Reliability in Azure Communications Gateway
Azure Communications Gateway ensures your service is reliable by using Azure redundancy mechanisms and SIP-specific retry behavior. Your network must meet specific requirements to ensure service availability.
Azure Communications Gateway's redundancy model
Each Azure Communications Gateway deployment consists of three separate regions: a Management Region and two Service Regions. This article describes the two different region types and their distinct redundancy models. It covers both regional reliability with availability zones and cross-region reliability with disaster recovery. For a more detailed overview of reliability in Azure, see Azure reliability.
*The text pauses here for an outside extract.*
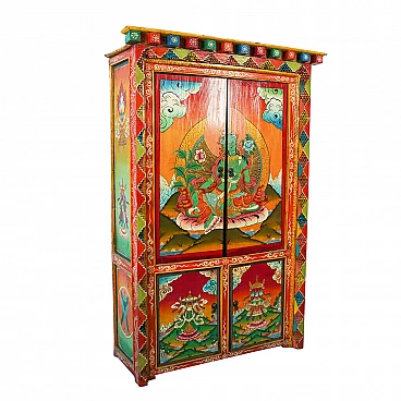 Mobile Etnico anni 60 Nord Corea, in legno e decorato completamente a mano, usando una pittura terra naturale. Da notare anche gli intarsi nel legno. La credenza è dotata di 4 ante e 5 ripiani. In buone condizioni con normali segni del tempo come da foto.

Diagram showing two operator sites and the Azure regions for Azure Communications Gateway. Azure Communications Gateway has two service regions and one management region. The service regions connect to the management region and to the operator sites. The management region can be colocated with a service region.
Service regions contain the voice and API infrastructure used for handling traffic between Microsoft Phone System and your network. Each instance of Azure Communications Gateway consists of two service regions that are deployed in an active-active mode. This geo-redundancy is mandated by the Operator Connect and Teams Phone Mobile programs. Fast failover between the service regions is provided at the infrastructure/IP level and at the application (SIP/RTP/HTTP) level.
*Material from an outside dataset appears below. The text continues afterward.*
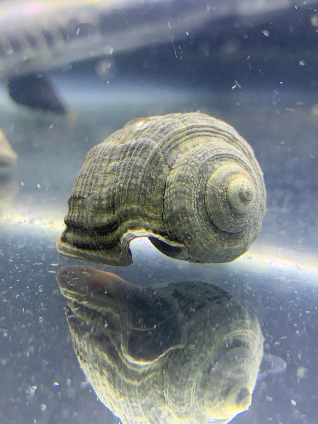 Mirateta Celebensis Snails have light gray, left-coiling shells that are very hard and rugged. They are very passive snails but should only be kept by experienced keepers. These snails are best kept in an aquarium that isn't totally filled so they can climb out of the water.

You must always have two service regions, even if one of the service regions chosen is in a single-region Azure Geography (for example, Qatar). If you choose a single-region Azure Geography, choose a second Azure region in a different Azure Geography.
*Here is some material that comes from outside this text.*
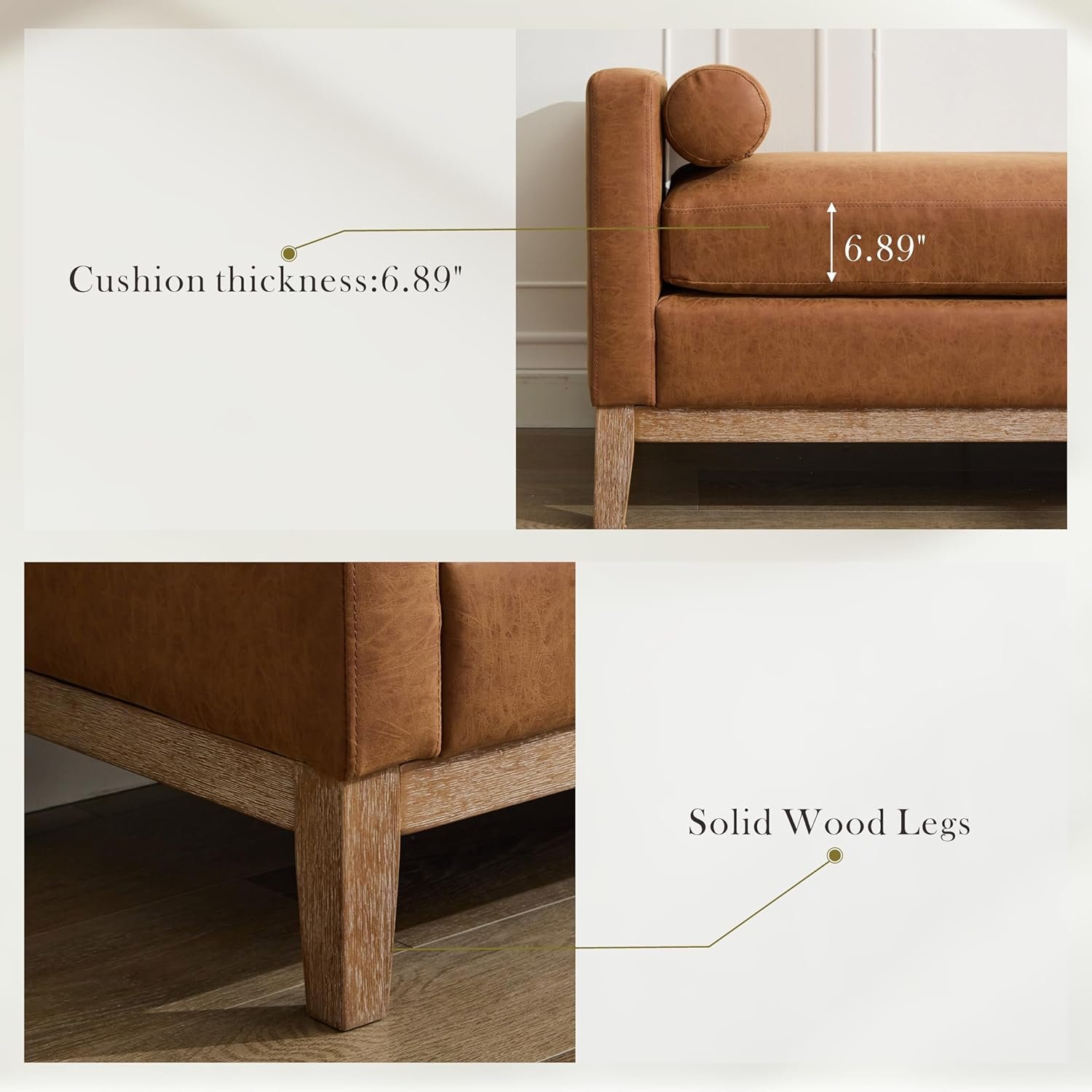 8 reviews for Aoiy & Wifon 66.34″ W End of Bed Bench, King Size Upholstered Bench with Pillows for Bedroom/Entryway/Living Room, Leather, Brown

These service regions are identical in operation and provide resiliency to both Zone and Regional failures. Each service region can carry 100% of the traffic using the Azure Communications Gateway instance. As such, end-users should still be able to make and receive calls successfully during any Zone or Regional downtime.
Call routing requirements
Azure Communications Gateway offers a 'successful redial' redundancy model: calls handled by failing peers are terminated, but new calls are routed to healthy peers. This model mirrors the redundancy model provided by Microsoft Teams itself.
We expect your network to have two geographically redundant sites. Each site should be paired with an Azure Communications Gateway region. The redundancy model relies on cross-connectivity between your network and Azure Communications Gateway service regions.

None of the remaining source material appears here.